Monday, March 3, 2008

Random, bad, nonsensical, (sometimes) evil thoughts

a tip toe into the rough sand

You can run, but you can't hide.

I am supposed to start posting my next travelogue but opted to compose this ‘nonsensical blab’ instead. I just wanted to write them down and get it over it. I couldn’t promise any coherence or logic. But allow me such indulgence.

I keep hearing my boss badmouthing someone on the phone and it irks me.

And then his friend comes to his cubicle (which is just a wall away from mine so that I could hear everything, even though I don’t like to hear any of his business). My boss tells the story about this person he’s badmouthing and the two of them start to talk in such a conniving way. I noticed that this has become an annoying habit of theirs everytime my boss gets irritated to someone. Most of the time, I also don’t like the people he is badmouthing but that doesn't give him any reason to talk behind people’s back. And must I hear every detail of what they’re talking? It's like I am an accessory to his crime. I love playing innocent all the time. But sometimes, the extra baggage gets to me. I should get a new earphone, immediately.

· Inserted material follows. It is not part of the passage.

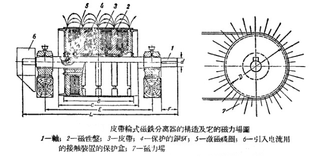 在皮帶輪式分離器內(nèi),沿著輪子的轉(zhuǎn)動(dòng)其表面會(huì)產(chǎn)生強(qiáng)大的磁場(chǎng),在較小直徑處的磁場(chǎng)達(dá)到750-900奧斯特,較大直徑處磁場(chǎng)達(dá)到1200-1400奧斯特,當(dāng)即將進(jìn)行球磨機(jī)粉碎的物料內(nèi)金屬塊落到這個(gè)磁場(chǎng)時(shí),就會(huì)被吸進(jìn)并貼在筒上,然后脫落而被皮帶擲落到分離器下方的特殊卸斗內(nèi)。其具體結(jié)構(gòu)如圖:

I hate it when my boss laughs. Most of all, I hate it whenever he insists that I maintain his PhD in his byline. Everyone knows he’s got PhD, what is the fuss? I wonder if all PhD people have this kind of attitude.

Someone said a lot of “sorry” to me. He apologized via text and did it again personally. What he has done is way beyond me. And I hated his guts for doing it. Well, he’s drunk what can I do? I guess alcohol puts a tinge of that evil side in all of us and it comes out when we’re drunk. A tinge of that is toxic and even though it sprinkles in small dosage, it's enough to kill a heart. He still sees it as a joke but we didn’t find it funny. I did not find it funny. So anyway, I accepted his apology. What can I do? I hated the fact that I hate someone. I am having a hard time finishing my work. I cannot concentrate. I have forgiven him, but I haven’t forgotten what he did. I just don’t see the point of not getting along with the person whom I chose to be my friend in the first place.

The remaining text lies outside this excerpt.